ContentsFiltered() gets the children of each element in the Selection, filtered by the specified selector. It returns a new Selection object containing these elements. Since selectors only act on Element nodes, this function is an alias to ChildrenFiltered() unless the selector is empty, in which case it is an alias to Contents().

func (*Selection) Each

func (this *Selection) Each(f func(int, *Selection)) *Selection

Each() iterates over a Selection object, executing a function for each matched element. It returns the current Selection object.

func (*Selection) End

func (this *Selection) End() *Selection

End() ends the most recent filtering operation in the current chain and returns the set of matched elements to its previous state.

func (*Selection) Eq

func (this *Selection) Eq(index int) *Selection

Eq() reduces the set of matched elements to the one at the specified index. If a negative index is given, it counts backwards starting at the end of the set. It returns a new Selection object, and an empty Selection object if the index is invalid.

func (*Selection) Filter

func (this *Selection) Filter(selector string) *Selection

Filter() reduces the set of matched elements to those that match the selector string. It returns a new Selection object for this subset of matching elements.

func (*Selection) FilterFunction

func (this *Selection) FilterFunction(f func(int, *Selection) bool) *Selection

FilterFunction() reduces the set of matched elements to those that pass the function's test. It returns a new Selection object for this subset of elements.

func (*Selection) FilterNodes

func (this *Selection) FilterNodes(nodes ...*html.Node) *Selection

FilterNodes() reduces the set of matched elements to those that match the specified nodes. It returns a new Selection object for this subset of elements.

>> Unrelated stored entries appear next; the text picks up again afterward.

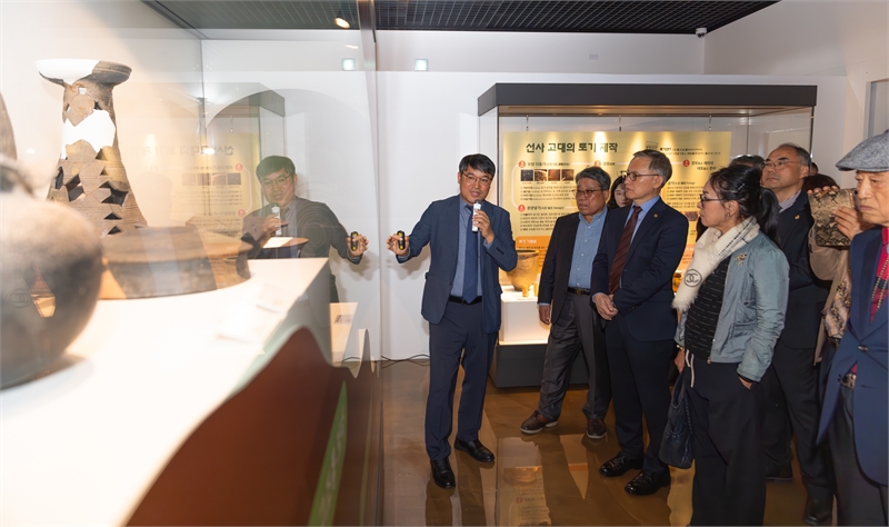 경상국립대박물관이 개교 77주년(건학 115주년)을 맞아 11일 개막한 '돌과 흙에 깃든 사람살이(The Human Story in Stone and Clay)' 특별전시회 모습. 권진회 경상국립대 총장 등이 전시품 설명을 듣고 있다. 경상국립대
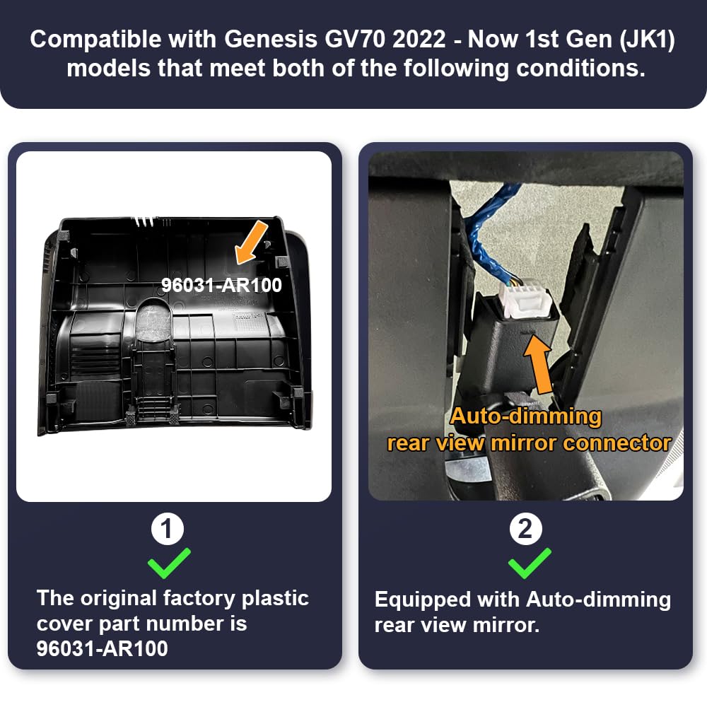 Fitcamx 4K Dash Cam Suitable For Genesis Gv70 2022 2025 2.5T Standard 3.5T Sport Jk1 (Has Auto Dimming), Oem Style, Uhd 2160P Vi
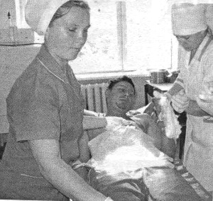 Далі — перев'язка лівої понівеченої руки. Помалу знімають бинти, потім лангету. Шита-перешита рука.
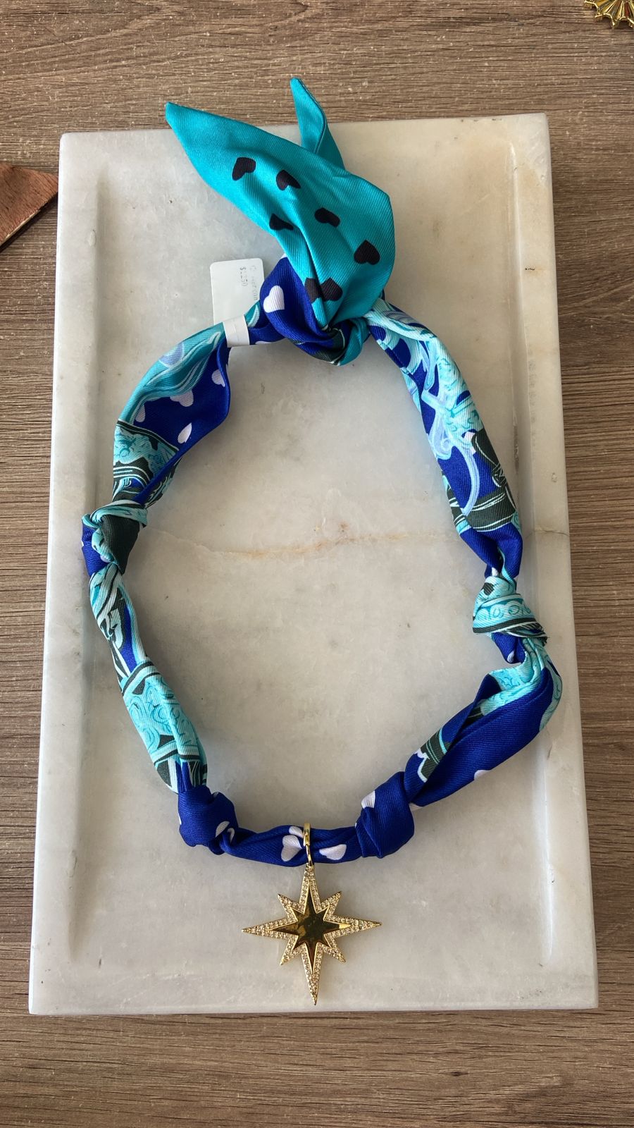 Choker en tonos azules con dije dorado de estrella
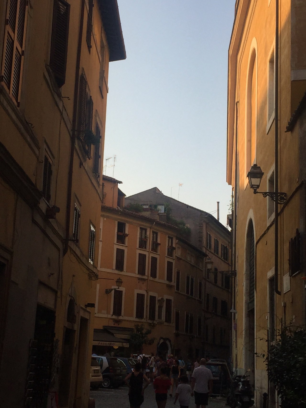 Once we were cleaned up and ready, we headed out to find our bearings in our new setting. We’re staying in a hip little part of Rome on the south side of the river called Trastevere, which literally means behind the river. It’s a medieval neighborhood that has strong working class roots, but is filled with traditional trattorias, artisan shops, and beautiful plazas.
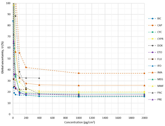 Appendix A. Estimation of the Global Uncertainty Associated with the Analytical Results
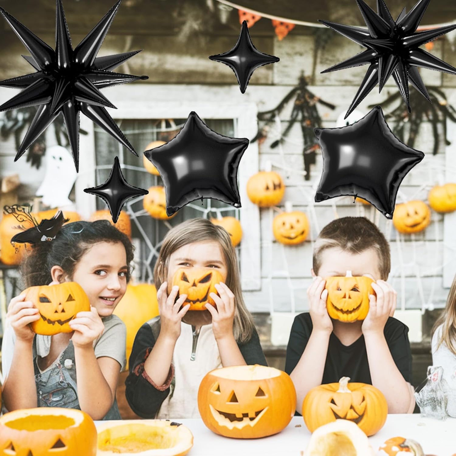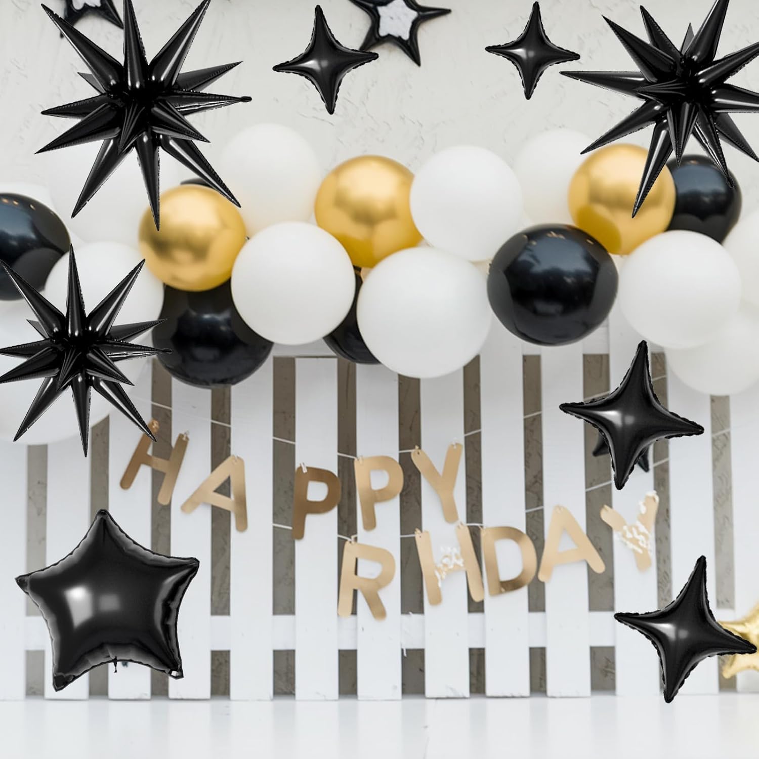 - ăBlack Star BalloonsăThe package includes:6pcs 22-inch Star-Shape balloons(Black), 5pcs 10-inch Four-Pointed Star balloons(Black), 2pcs 18-inch Five-Pointed Star balloons(Black), 3pcs 10-inch Five-Pointed Star Shape balloons(Black),1 dispense and 1 straw. These foil star balloons are Great for birthdays, weddings, baby showers, and engagement parties
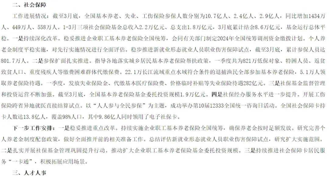 随着人口老龄化的加剧,养老保障问题越来越受到社会关注。而在这个备受关注的话题中,养老金的稳定和增长更是备受瞩目。2024年五一节前,人社部召开了一场备受期待的发布会,宣布了关于养老金的四大好消息,为广大退休人员带来了一丝丝的安慰和期待。 第一好消息:养老金稳健增长在发布会上,人社部透露了关于养老金的最新数据。截至今年第一季度末,基本养老保险参保人数达到了10.7亿人,失业保险和工伤保险的参保人数也有所增加。更为令人振奋的是,社保基金的收入达到了2.2万亿,支出1.8万亿,累计活动结余达到了8.6万亿。这一数据显示,养老金基金运行平稳,结余持续增加,为养老金的发放提供了坚实的保障。 第二好消息:全国养老保险统筹推进全国城镇职工基本养老保险统筹已基本完成,但是统筹工作仍在持续进行中。这一消息表明,政府正致力于进一步完善养老保险的统筹制度,确保养老金的及时足额发放。这对于在职人员和即将退休的人员来说,都是一个好消息,为他们的养老保障增添了一份信心。
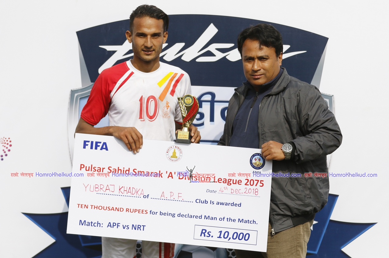काठमाडौं (हाम्रो खेलकुद) – पल्सर सहिद स्मारक ए डिभिजन लिग अन्तर्गत मंगलबारको पहिलो खेलमा नेपाल एपीएफ क्लबले न्यू रोड टिम (एनआरटी) लाई २-१ ले पराजित गरेको छ । एपीएफको जितमा म्यान अफ द म्याच युवराज खड्का र सुदिप सिख्राकारले १-१ गोल गरे । एपीएफले खेलको तेस्रो मिनेटमा नै अग्रता लिएको थियो । दायाँ विङबाट श्याम […]
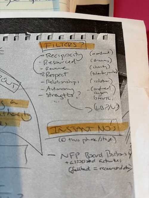 We also identified her "Instant No's", the non-negotiables that are a part of this chapter of her business (they may change in the next):
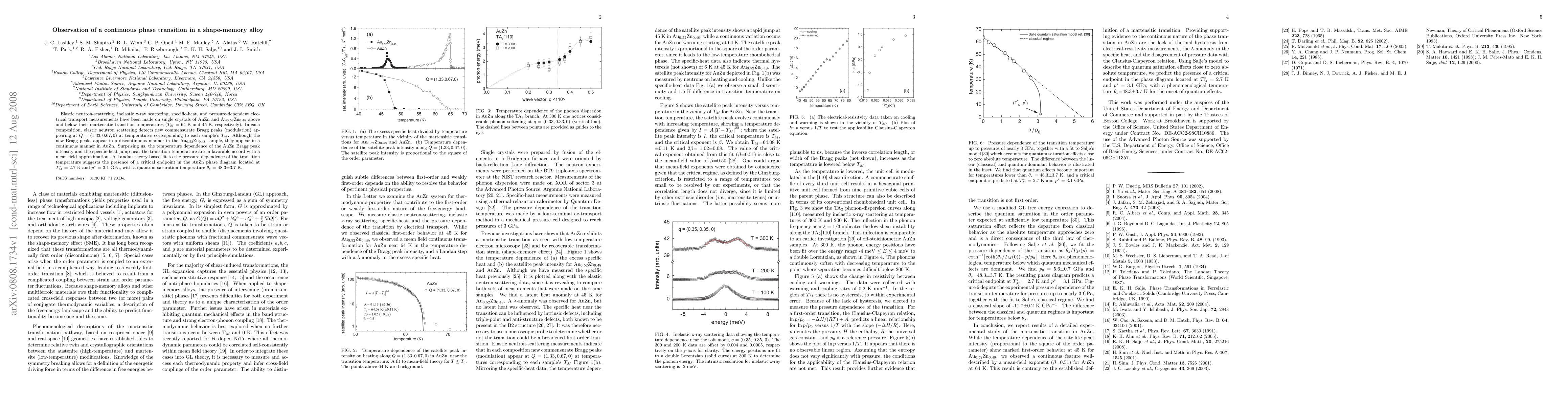 The study observes a continuous phase transition in AuZn shape-memory alloy using elastic neutron-scattering, inelastic x-ray scattering, specific-heat, and pressure-dependent electrical transport measurements. New Bragg peaks appear continuously at the martensitic transition temperature, with temperature dependence aligning with mean-field approximation. A critical endpoint is suggested in AuZn's phase diagram at T_M*=2.7K and p*=3.1GPa, indicating a quantum saturation temperature of 48.3K.
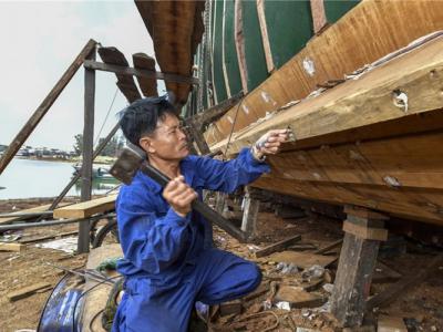 张明传承的造船手艺已有八百多年历史。海南临高县明...
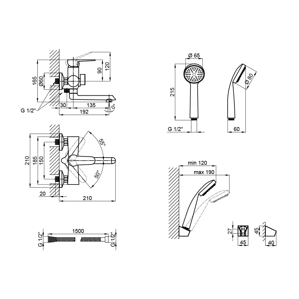 Змішувач, Душовий шланг, Лійка для ручного душу, Тримач для душу, Кріплення
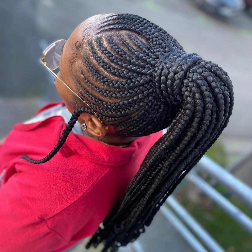 A sleek ponytail built from neat cornrow braids has such clean, confident lines. The carefully parted pattern at the scalp creates beautiful detail, while the gathered ponytail keeps everything tidy and controlled. It feels sporty yet polished—like a style that works just as well at work as it does on a casual day out.
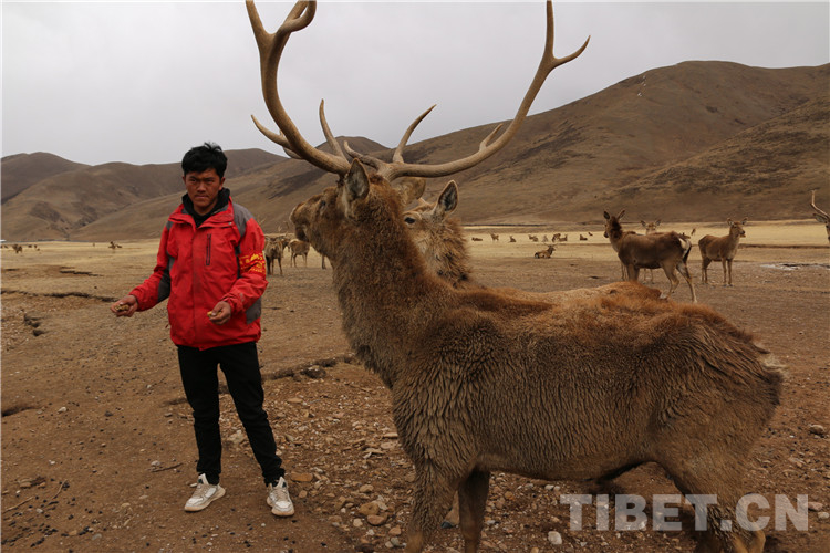 圖為哥哥白瑪澤旺呼喚鹿群過來覓食
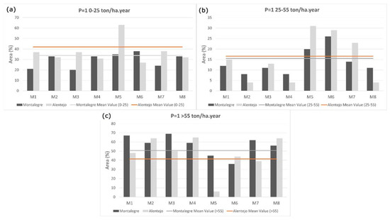 Percentage of area (%) of each region (Montalegre with a total area of 823,230 ha and Alentejo with a total area of 4830 ha) in each class for P = 1: (a) 0–25 ton/ha·year; (b) 25–55 ton/ha·year; (c) >55 ton/ha·year. The lines represent the mean values for each region and within each class. The methodologies are represented as: M1 Rw × Kw × LSw; M2 Rjrc × Kjrc × LSw; M3 Rw × Kw × LSm; M4 Rjrc × Kjrc × LSm; M5 Rw × Kw × LSmw; M6 Rjrc × Kjrc × LSmw; M7 Rw × Kw × LSmc; M8 Rjrc × Kjrc × LSmc.

func (*Selection) FilterSelection

func (this *Selection) FilterSelection(s *Selection) *Selection

FilterSelection() reduces the set of matched elements to those that match a node in the specified Selection object. It returns a new Selection object for this subset of elements.

func (*Selection) Find

func (this *Selection) Find(selector string) *Selection

Find() gets the descendants of each element in the current set of matched elements, filtered by a selector. It returns a new Selection object containing these matched elements.

func (*Selection) FindNodes

func (this *Selection) FindNodes(nodes ...*html.Node) *Selection

FindNodes() gets the descendants of each element in the current Selection, filtered by some nodes. It returns a new Selection object containing these matched elements.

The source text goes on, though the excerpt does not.